Table 21. MASS scalar functions
Function Description Prototype
sqrt Returns the square root of x double sqrt (double x);
rsqrt Returns the reciprocal of the square root of x double rsqrt (double x);
exp Returns the exponential function of x double exp (double x);
expm1 Returns (the exponential function of x) - 1 double expm1 (double x);
log Returns the natural logarithm of x double log (double x);
log1p Returns the natural logarithm of (x + 1) double log1p (double x);
sin Returns the sine of x double sin (double x);
cos Returns the cosine of x double cos (double x);
tan Returns the tangent of x double tan (double x);
atan Returns the arctangent of x double atan (double x);
atan2 Returns the arctangent of x/y double atan2 (double x, double y);
sinh Returns the hyperbolic sine of x double sinh (double x);
cosh Returns the hyperbolic cosine of x double cosh (double x);
tanh Returns the hyperbolic tangent of x double tanh (double x);
dnint Returns the nearest integer to x (as a double) double dnint (double x);
pow Returns x raised to the power y double pow (double x, double y);

The trigonometric functions (sin, cos, tan) return NaN (Not-a-Number) for large arguments (abs(x)>2**50*pi).

Note:
In some cases the MASS functions are not as accurate as the libm.a library, and they might handle edge cases differently (sqrt(Inf), for example).

Using the vector libraries

When you compile programs with any of the following options:

the compiler automatically attempts to vectorize calls to system math functions by calling the equivalent MASS vector functions (with the exceptions of functions vdnint, vdint, vsincos, vssincos, vcosisin, vscosisin, vqdrt, vsqdrt, vrqdrt, vsrqdrt, vpopcnt4, and vpopcnt8). For automatic vectorization, the compiler uses versions of the MASS functions contained in the system library libxlopt.a; you do not need to add any special calls to the MASS functions in your code, or to link to the libxlopt library.

If you are not using any of the optimization options listed above, and/or want to explicitly call any of the MASS vector functions, you can do so by including the header massv.h in your source files and linking your application with any of the following vector library archives (information on linking is provided in Compiling and linking a program with MASS):

libmassv.a
The general vector library.
libmassvp3.a
Contains some functions that have been tuned for the POWER3 architecture. The remaining functions are identical to those in libmassv.a.
libmassvp4.a
Contains some functions that have been tuned for the POWER4 architecture. The remaining functions are identical to those in libmassv.a. If you are using a PPC970 machine, this library is the recommended choice.
libmassvp5.a
Contains some functions that have been tuned for the POWER5 architecture. The remaining functions are identical to those in libmassv.a.

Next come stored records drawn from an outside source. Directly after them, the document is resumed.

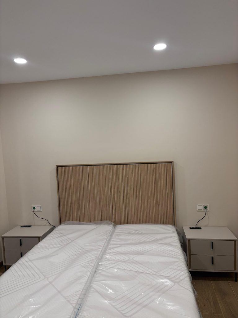 Dormitorio de estilo moderno y minimalista, en tonos neutros. La cama doble presenta un cabecero de madera con vetas verticales, acompañado por dos mesillas a juego de líneas rectas y acabado claro. El conjunto se completa con un xinfonier coordinado, manteniendo una estética uniforme, elegante y funcional. Iluminación empotrada en el techo que refuerza el ambiente limpio y actual.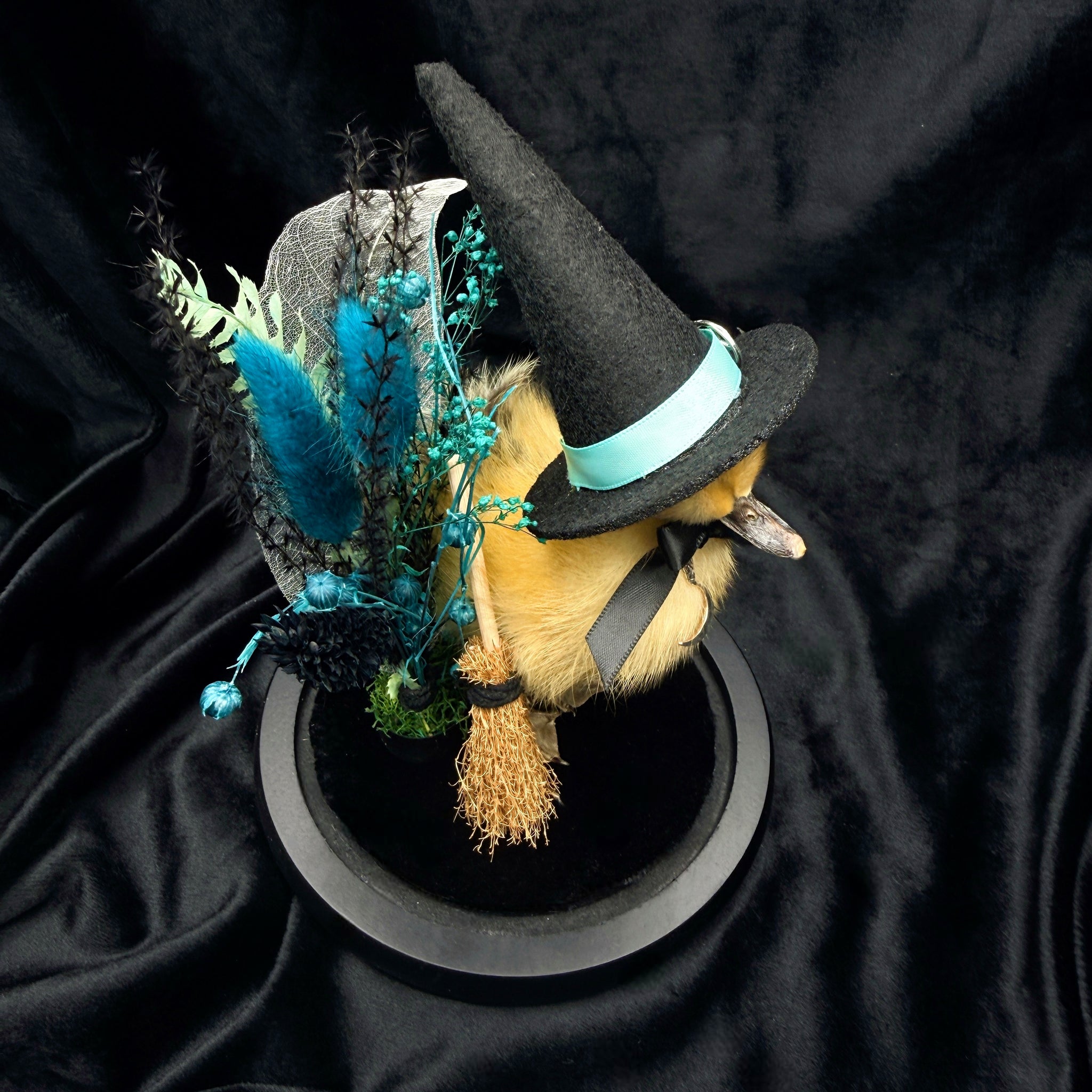 Maeve the Witch Duckling is displayed in a stunning globe with a black velvet base. Miniature broom by her side, she wears a tiny witches hat embellished with a scythe charm whilst a beautiful bouquet of flowers fill the dome.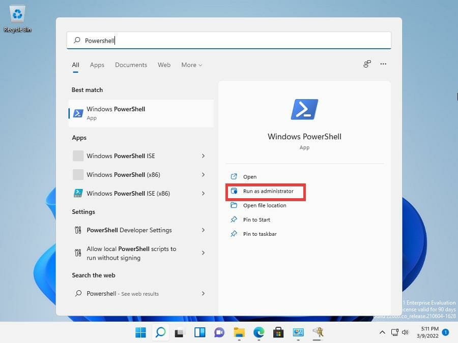 - Откройте Поиск и введите Windows PowerShell.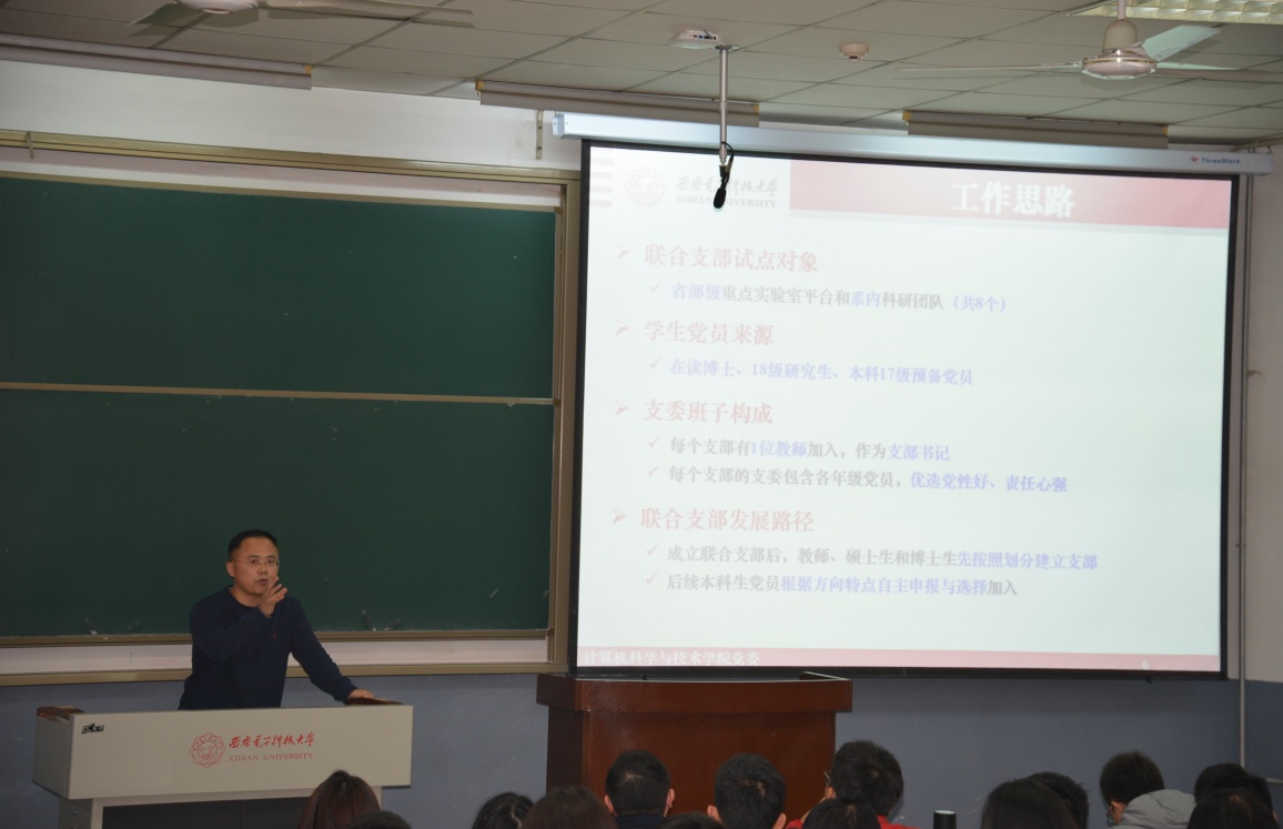 据悉,beat365官方网站党委在前期深入调研的基础上,针对基层党建弱化等问题,认真领会教育部有关优化高校党支部设置的有关精神,积极探索,精心制定了本硕博师联合党支部设置方案。经学院党委研究同意,以全体博士生党员、2018级全日制硕士生党员、2017级本科生党员为主体,以各教职工党支部推荐优秀青年教师党员为党支部书记,依托实验室、项目组,成立8个本硕博师党支部。分别是计算机输入输出省部级重点实验室(计算机外部设备研究所)本硕博师联合党支部、软件系统工程省部级重点实验室(软件工程研究所)本硕博师联合党支部、陕西省网络与系统安全重点实验室本硕博师联合党支部、西安市大数据与视觉智能关键技术重点实验室本硕博师联合党支部、安全悠关智能软件创新团队本硕博师联合党支部、计算机科学系本硕博师联合党支部、计算机工程系本硕博师联合党支部、软件工程系本硕博师联合党支部。

All libraries can be used in either 32-bit or 64-bit mode.

The single-precision and double-precision floating-point functions contained in the vector libraries are summarized in Table 22. The integer functions contained in the vector libraries are summarized in Table 23. Note that in C and C++ applications, only call by reference is supported, even for scalar arguments.

With the exception of a few functions (described below), all of the floating-point functions in the vector libraries accept three parameters:

The functions are of the form function_name (y,x,n), where y is the target vector, x is the source vector, and n is the vector length. The parameters y and x are assumed to be double-precision for functions with the prefix v, and single-precision for functions with the prefix vs. As an example, the following code:

#include <massv.h>

double x[500], y[500];
int n;
n = 500;
...
vexp (y, x, &n);

outputs a vector y of length 500 whose elements are exp(x[i]), where i=0,...,499.

The integer functions are of the form function_name (x, n), where x is a pointer to a vector of 4-byte (for vpopcnt4) or 8-byte (for vpopcnt8) numeric objects (integral or floating-point), and n is the vector length.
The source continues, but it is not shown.